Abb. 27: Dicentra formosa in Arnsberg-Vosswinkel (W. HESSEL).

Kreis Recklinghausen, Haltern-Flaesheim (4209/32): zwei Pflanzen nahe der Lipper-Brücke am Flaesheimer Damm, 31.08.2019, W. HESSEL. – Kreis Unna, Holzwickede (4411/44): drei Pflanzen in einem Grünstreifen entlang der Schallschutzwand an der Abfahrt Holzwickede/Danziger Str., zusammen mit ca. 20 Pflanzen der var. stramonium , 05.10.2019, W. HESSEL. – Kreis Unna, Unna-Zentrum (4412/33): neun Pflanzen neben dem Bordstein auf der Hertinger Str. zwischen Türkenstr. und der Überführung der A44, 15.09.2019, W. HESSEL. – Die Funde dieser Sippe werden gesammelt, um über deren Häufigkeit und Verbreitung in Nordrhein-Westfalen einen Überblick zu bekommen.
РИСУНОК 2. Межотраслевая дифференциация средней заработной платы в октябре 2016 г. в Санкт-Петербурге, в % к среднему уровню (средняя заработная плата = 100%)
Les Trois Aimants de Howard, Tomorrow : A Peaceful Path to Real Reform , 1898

--

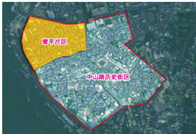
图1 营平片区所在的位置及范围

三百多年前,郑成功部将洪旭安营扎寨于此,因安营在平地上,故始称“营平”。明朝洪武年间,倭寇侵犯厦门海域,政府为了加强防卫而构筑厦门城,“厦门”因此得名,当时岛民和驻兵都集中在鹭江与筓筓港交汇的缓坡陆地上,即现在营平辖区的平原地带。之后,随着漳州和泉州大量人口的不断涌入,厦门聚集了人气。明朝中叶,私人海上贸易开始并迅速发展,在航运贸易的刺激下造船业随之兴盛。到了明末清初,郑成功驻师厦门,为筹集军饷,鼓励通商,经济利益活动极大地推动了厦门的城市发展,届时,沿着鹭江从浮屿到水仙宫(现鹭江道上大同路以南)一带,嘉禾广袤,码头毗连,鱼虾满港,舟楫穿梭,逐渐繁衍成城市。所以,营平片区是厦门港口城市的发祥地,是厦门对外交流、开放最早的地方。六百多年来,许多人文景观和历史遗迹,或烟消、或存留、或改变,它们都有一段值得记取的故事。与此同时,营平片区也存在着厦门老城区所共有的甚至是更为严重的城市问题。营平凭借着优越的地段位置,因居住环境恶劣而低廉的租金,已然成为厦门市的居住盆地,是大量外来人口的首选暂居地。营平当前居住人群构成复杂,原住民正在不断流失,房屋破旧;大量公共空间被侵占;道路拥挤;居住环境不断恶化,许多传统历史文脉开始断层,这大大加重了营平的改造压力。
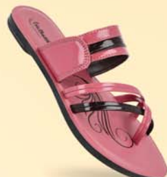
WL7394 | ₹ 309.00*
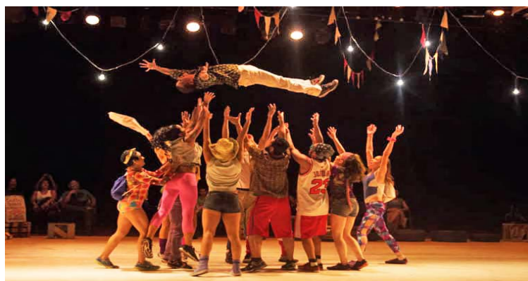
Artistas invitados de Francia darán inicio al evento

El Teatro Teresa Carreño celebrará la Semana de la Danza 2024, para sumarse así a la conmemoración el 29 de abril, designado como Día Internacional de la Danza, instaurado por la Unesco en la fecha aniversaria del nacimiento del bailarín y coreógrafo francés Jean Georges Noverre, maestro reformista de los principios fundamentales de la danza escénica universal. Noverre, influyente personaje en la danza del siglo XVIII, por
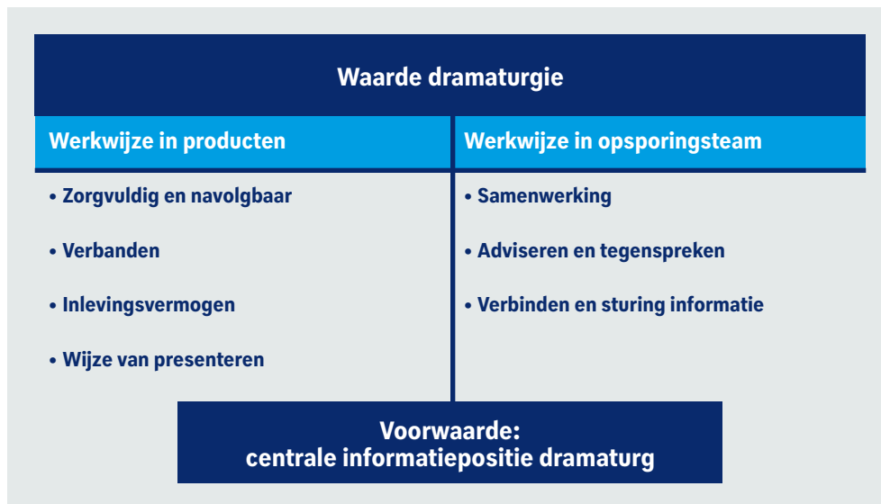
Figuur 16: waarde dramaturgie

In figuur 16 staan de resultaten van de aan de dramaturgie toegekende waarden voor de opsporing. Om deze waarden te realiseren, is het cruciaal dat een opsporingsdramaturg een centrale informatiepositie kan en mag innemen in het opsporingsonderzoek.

Aim of the exercise
Among the entries above, the line containing "Abb. 27: Dicentra", the line containing "Les Trois Aimants", and all lines between them are to be restated word for word; nothing else belongs in the reply.

Answer to the problem
Abb. 27: Dicentra formosa in Arnsberg-Vosswinkel (W. HESSEL).

Kreis Recklinghausen, Haltern-Flaesheim (4209/32): zwei Pflanzen nahe der Lipper-Brücke am Flaesheimer Damm, 31.08.2019, W. HESSEL. – Kreis Unna, Holzwickede (4411/44): drei Pflanzen in einem Grünstreifen entlang der Schallschutzwand an der Abfahrt Holzwickede/Danziger Str., zusammen mit ca. 20 Pflanzen der var. stramonium , 05.10.2019, W. HESSEL. – Kreis Unna, Unna-Zentrum (4412/33): neun Pflanzen neben dem Bordstein auf der Hertinger Str. zwischen Türkenstr. und der Überführung der A44, 15.09.2019, W. HESSEL. – Die Funde dieser Sippe werden gesammelt, um über deren Häufigkeit und Verbreitung in Nordrhein-Westfalen einen Überblick zu bekommen.
РИСУНОК 2. Межотраслевая дифференциация средней заработной платы в октябре 2016 г. в Санкт-Петербурге, в % к среднему уровню (средняя заработная плата = 100%)
Les Trois Aimants de Howard, Tomorrow : A Peaceful Path to Real Reform , 1898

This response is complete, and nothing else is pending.